Let's consider a simple example where we want to clear all the values from an
array which has the dtype `np.float32`. How does one write it to maximize speed? The
below syntax is rather obvious (at least for those familiar with NumPy) but the
above question asks to find the fastest operation.

.. code-block:: python

   >>> Z = np.ones(4*1000000, np.float32)
   >>> Z[...] = 0

If you look more closely at both the dtype and the size of the array, you can
observe that this array can be casted (i.e. viewed) into many other
"compatible" data types. By compatible, I mean that `Z.size * Z.itemsize` can
be divided by the new dtype itemsize.

.. code-block:: python

   >>> timeit("Z.view(np.float16)[...] = 0", globals())
   100 loops, best of 3: 2.72 msec per loop
   >>> timeit("Z.view(np.int16)[...] = 0", globals())
   100 loops, best of 3: 2.77 msec per loop
   >>> timeit("Z.view(np.int32)[...] = 0", globals())
   100 loops, best of 3: 1.29 msec per loop
   >>> timeit("Z.view(np.float32)[...] = 0", globals())
   100 loops, best of 3: 1.33 msec per loop
   >>> timeit("Z.view(np.int64)[...] = 0", globals())
   100 loops, best of 3: 874 usec per loop
   >>> timeit("Z.view(np.float64)[...] = 0", globals())
   100 loops, best of 3: 865 usec per loop
   >>> timeit("Z.view(np.complex128)[...] = 0", globals())
   100 loops, best of 3: 841 usec per loop
   >>> timeit("Z.view(np.int8)[...] = 0", globals())
   100 loops, best of 3: 630 usec per loop

Interestingly enough, the obvious way of clearing all the values is not the
fastest.
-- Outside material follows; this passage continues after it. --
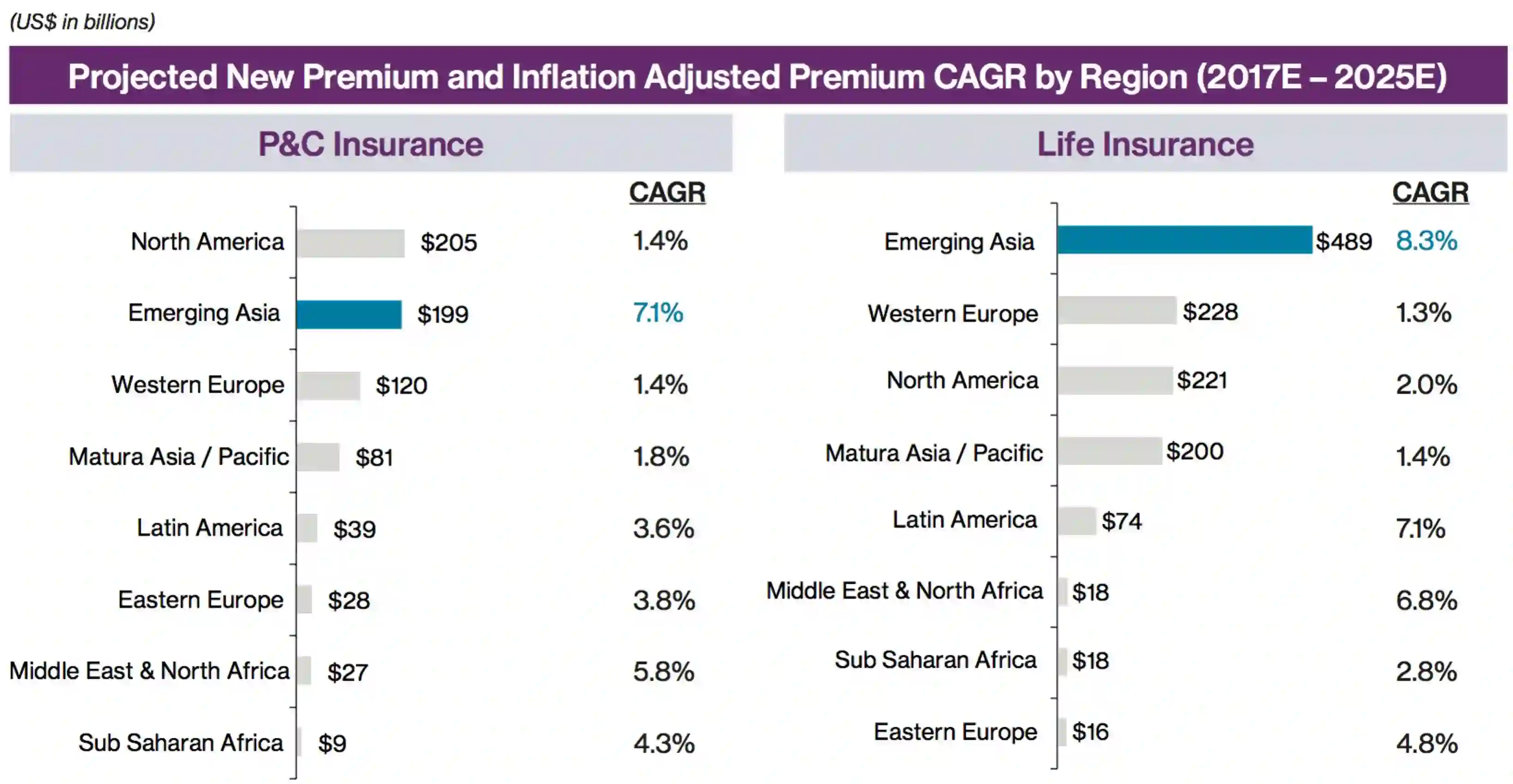 从2016年开始,亚洲新兴市场成为全球保险市场增长最显著的地区,寿险和财险的保费分别上升了27%和7%。虽然亚洲新兴市场的(再)保险保费自2007年开始的年复合增长率(CAGR)已达15%,但渗透率仍然落后于发达国家,这意味着保费的增长会持续。因此,预计到2025年,亚洲新兴市场的保费收入(财险和寿险两个方面)仍然会持续增长。

By casting the array into a larger data type such as `np.float64`, we
gained a 25% speed factor. But, by viewing the array as a byte array
(`np.int8`), we gained a 50% factor. The reason for such speedup are to be
found in the internal NumPy machinery and the compiler optimization. This
simple example illustrates the philosophy of NumPy as we'll see in the next
section below.


Memory layout
-------------

The `NumPy documentation
<https://docs.scipy.org/doc/numpy/reference/arrays.ndarray.html>`_ defines the
ndarray class very clearly:

  *An instance of class ndarray consists of a contiguous one-dimensional segment
  of computer memory (owned by the array, or by some other object), combined
  with an indexing scheme that maps N integers into the location of an item in
  the block.*

Said differently, an array is mostly a contiguous block of memory whose parts
can be accessed using an indexing scheme. Such indexing scheme is in turn
defined by a `shape
<https://docs.scipy.org/doc/numpy/reference/generated/numpy.ndarray.shape.html#numpy.ndarray.shape>`_
and a `data type
<https://docs.scipy.org/doc/numpy/reference/arrays.dtypes.html>`_ and this is
precisely what is needed when you define a new array:

.. code:: python

   Z = np.arange(9).reshape(3,3).astype(np.int16)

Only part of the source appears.